Based on the interviewees' pain points, motivations and behaviours, I created a persona to better understand my users' needs and expectations.


Understanding the journey.

The experience map of my persona helped me visualize the experience of learning a new skill as a self-learner and all the phases from the start to the end. This helped me empathize with the pain points and frustrations of my users even more.


Defining the task flow.

After creating the experience map, I started generating user stories and organizing them into epics. Based on the users' feedback saying how difficult it is to find someone with experience who would be able to help, I chose to focus on the task of searching for a mentor.




After exploring different interface layouts that have similar functionality to my task flow, I started sketching potential interfaces of my main screens.

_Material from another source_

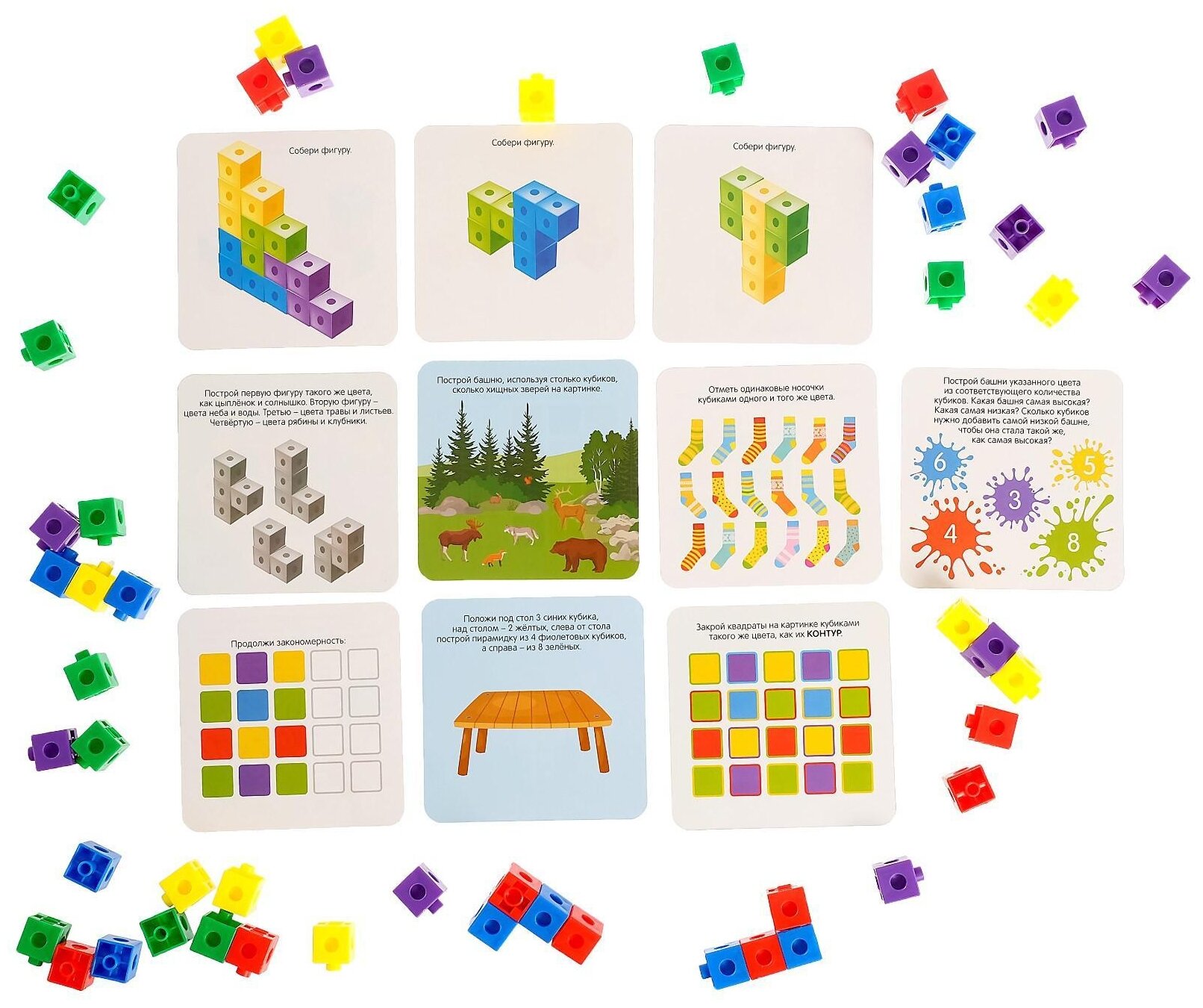 10 цен на Обучающий набор "Кубики-конструктор: Логика и внимание", с заданиями, 50 кубиков, 20 заданий, по методике Монтессори, для детей и малышей

After comparing the ideas of the layouts, I chose the most promising and the ones I wanted to take to the next step - creating low fidelity wireframes.


Low fidelity prototype.

After selecting a few sketches, I translated them into low fidelity wireframes to assemble an interactive prototype to move onto the next stage - usability testing of the product.



Usability testing.

User testing is a great way to find out what real people find difficult to accomplish in the design and to locate usability issues at early stages. For this reason, after creating my low fidelity prototype I conducted 2 iterations of usability testing with 10 different people - 5 per each round. All the participants were asked to complete 6 tasks as a part of the core task flow - searching for a mentor.

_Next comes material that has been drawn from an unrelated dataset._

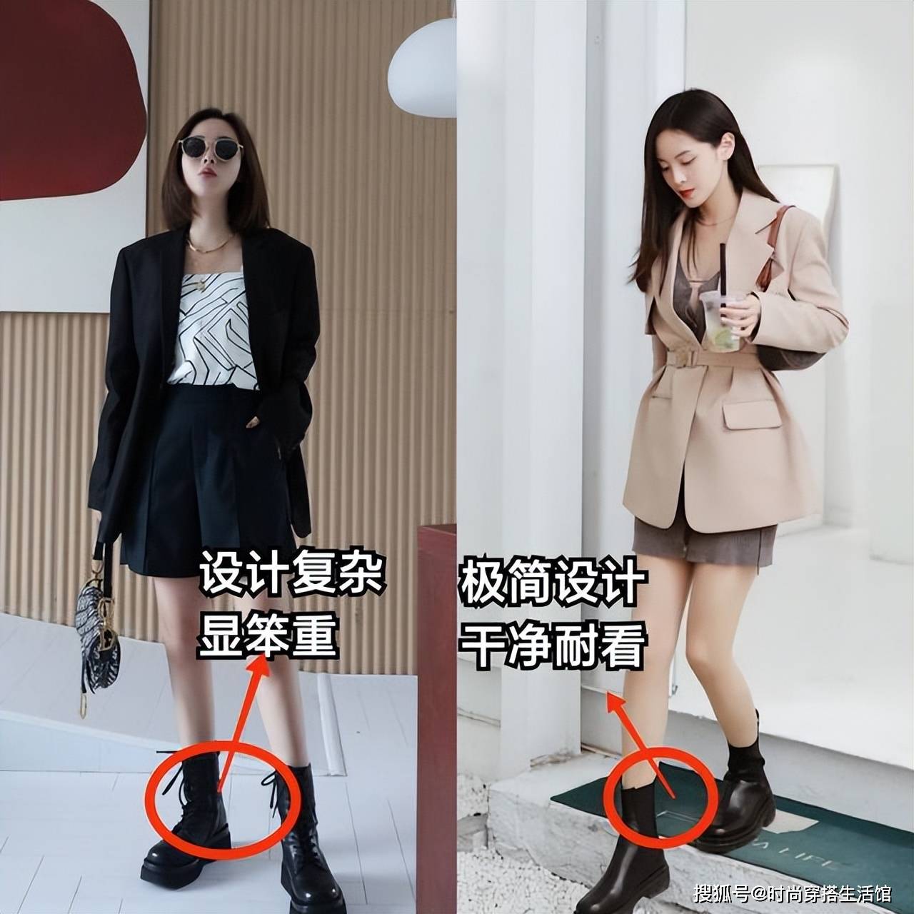 不管是长筒靴还是中筒靴,高级感的秘诀在于:宽松度!筒口的位置一定要有一定的宽松度,紧紧地包裹在大腿上的靴子特别的土。所以可以选择倒梯形的鞋型或者靴筒口采用直线剪裁的鞋型。直筒的靴子给人一种雨鞋和不合脚的感觉,走起路来拖沓笨重。贴合腿部曲线的靴子才能制造干练和帅气感。
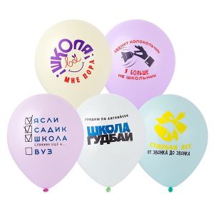 Шары из натурального латекса c шелкографическими рисунками на тему школьного выпускного выпускного. В наборе используются 5 дизайнов, нанесенных на шары 5 цветов шаров типа макарун - нежно-пастельный оттенок цвета. Рисунок расположен с одной стороны шара. При нанесении рисунка используются две различные краски в зависимости от цвета шара. Предназначены как для использования в розничной продаже, как в надутом, так и в не надутом виде, в соответствующий период времени, так и для оформлений шклоьного выпускного праздника.

01. Find a search button to start searching for a keyword

02. Sort the search results by “Highest rated”

03. Open mentor’s profile with the highest rating

04. Swipe left to open the next mentor’s profile

05. See all reviews about the mentor

06. Save the mentor and go to the “Saved” page

Testing sessions outcome

Even though most of the participants were able to complete the tasks required, some of the steps were too confusing. The biggest frustrations for users were:

01. No icon labels on the tab bar. Adding the labels was number one priority fix after the usability testing.

02. No option to sort reviews. Some users found it inconvenient to not being able to sort mentors' reviews by different criteria.

03. No option to sort mentors by location. The testing showed that people want to be able to meet mentors offline, for that reason they felt like an option to sort by location is missing.

04. Key skills are not highlighted. People expressed thoughts that key skills are the most important information about a mentor. For this reason they should be highlighted and clickable.

05. Swiping option between mentors is not obvious. Most users were frustrated about the swiping feature as it was unclear there was such option. This issue can be solved with an onboarding process where the user would be shown how to use all the features of the app. At this time I decided to leave this feedback without implementing a solution as it is just one of the options to switch between mentors and it does not affect the overall experience.

Based on the feedback received I created a prioritization matrix to show the sequence of how important it is to fix each issue. Green shows the changes that were made.


With the changes implemented to my low fidelity prototype, I was ready to move onto the next stage which is developing the visual identity of the brand.


Creating a visual identity.

Since the design solution chosen is dedicated to education and improving as a professional, the visual representation should follow this mood. I wanted the feel of the app to be clean, fresh, modern, minimalist, simple and connected.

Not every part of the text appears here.